Records from a data collection:
---

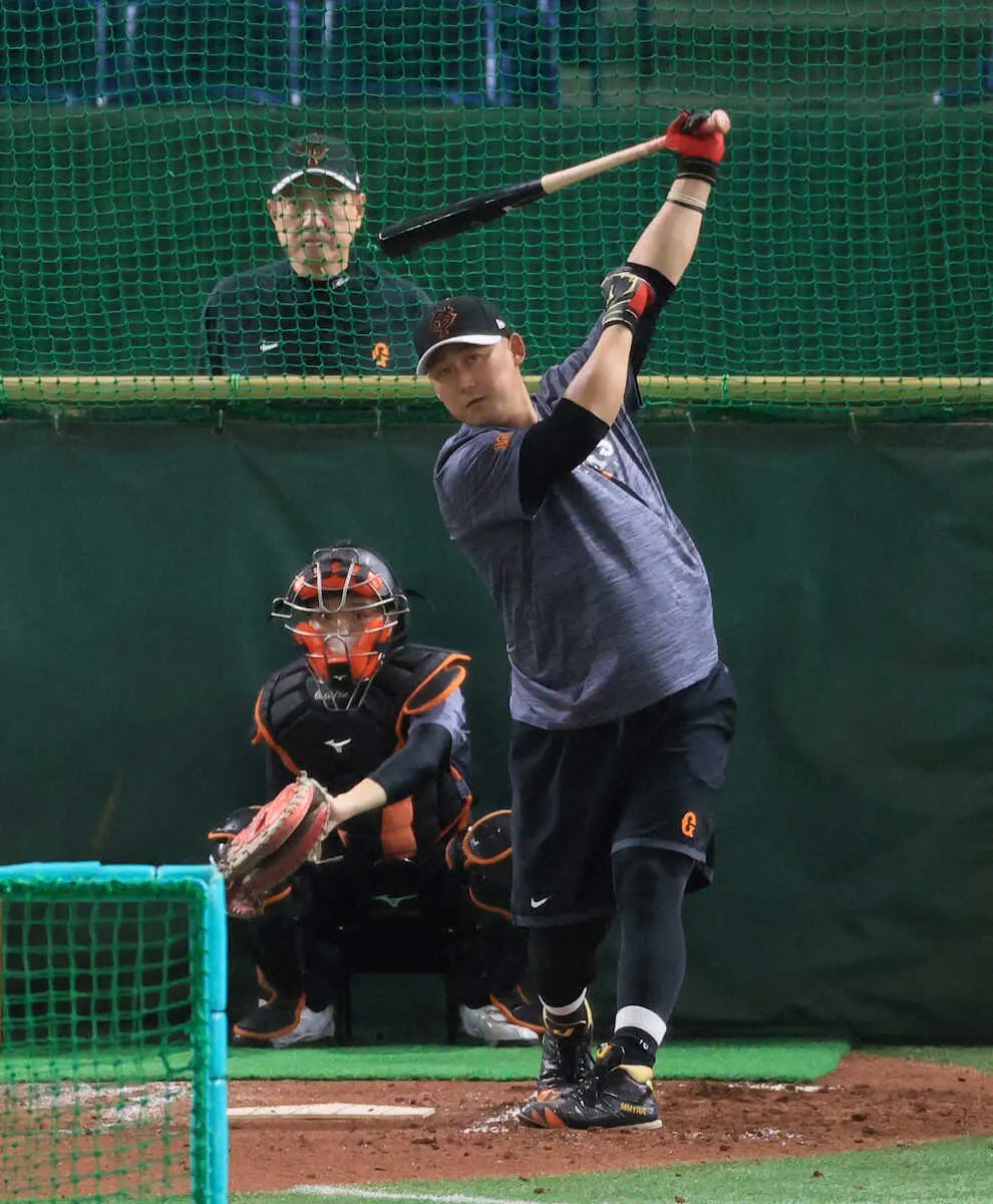 <巨・中>試合前、原監督の前で打撃練習する中田翔(撮影・尾崎 有希)
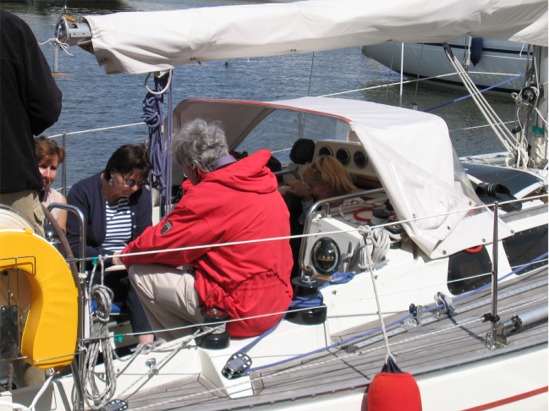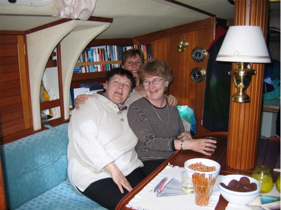 Marja ja Asta, taustalla Aila kajuutan lämmössä |
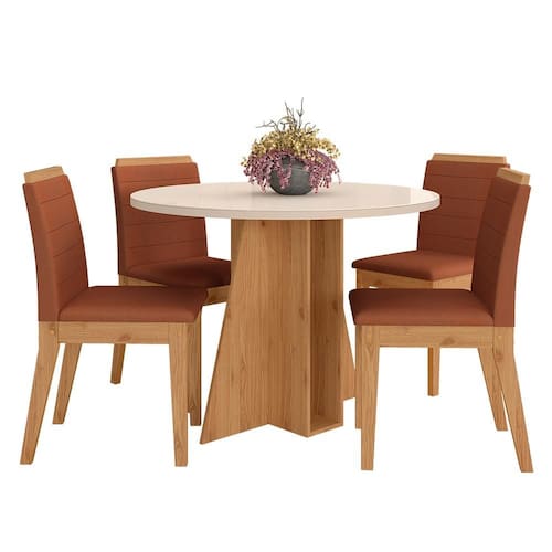 Mesa Redonda Com Vidro 4 Cadeiras Bélgica Cinamo/off Prem/terrac - M.a - Laranja
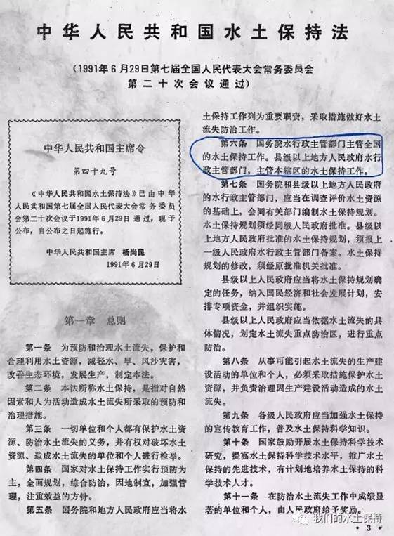 1991年水土保持法出台,规定“国务院水行政部门主管全国的水土保持工作。县级以上地方人民政府水行政主管部门,主管辖区内的水土保持工作”(第六条),明确水行政主管部门主管水土保持工作。
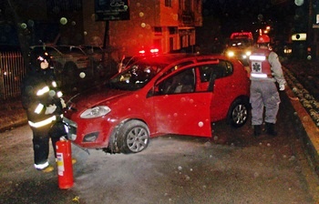 O Corpo de Bombeiros Voluntários foi acionado por moradores das proximidades, mas no momento em que as viaturas chegaram o motorista já não estava mais no local. Ele fugiu deixando o carro atravessado no meio da pista.
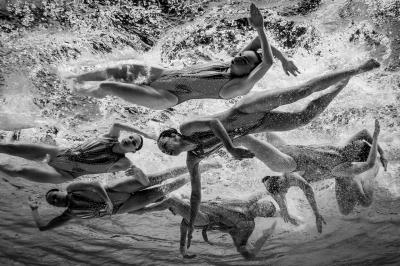 Az AFP fotóriporterei nem csak a szokásos hírképeket készítették el a kvangdzsui vizes vb-n, hanem fekete fehér, művészi igényű fotók is készültek a bajnokság leglátványosabb részéről, a műúszó számokról.

---

In the copy, include each entry exactly as written and none of the pictures.

■ Expected output:
 <巨・中>試合前、原監督の前で打撃練習する中田翔(撮影・尾崎 有希)
 Marja ja Asta, taustalla Aila kajuutan lämmössä |
 Mesa Redonda Com Vidro 4 Cadeiras Bélgica Cinamo/off Prem/terrac - M.a - Laranja
 1991年水土保持法出台,规定“国务院水行政部门主管全国的水土保持工作。县级以上地方人民政府水行政主管部门,主管辖区内的水土保持工作”(第六条),明确水行政主管部门主管水土保持工作。
 O Corpo de Bombeiros Voluntários foi acionado por moradores das proximidades, mas no momento em que as viaturas chegaram o motorista já não estava mais no local. Ele fugiu deixando o carro atravessado no meio da pista.
 Az AFP fotóriporterei nem csak a szokásos hírképeket készítették el a kvangdzsui vizes vb-n, hanem fekete fehér, művészi igényű fotók is készültek a bajnokság leglátványosabb részéről, a műúszó számokról.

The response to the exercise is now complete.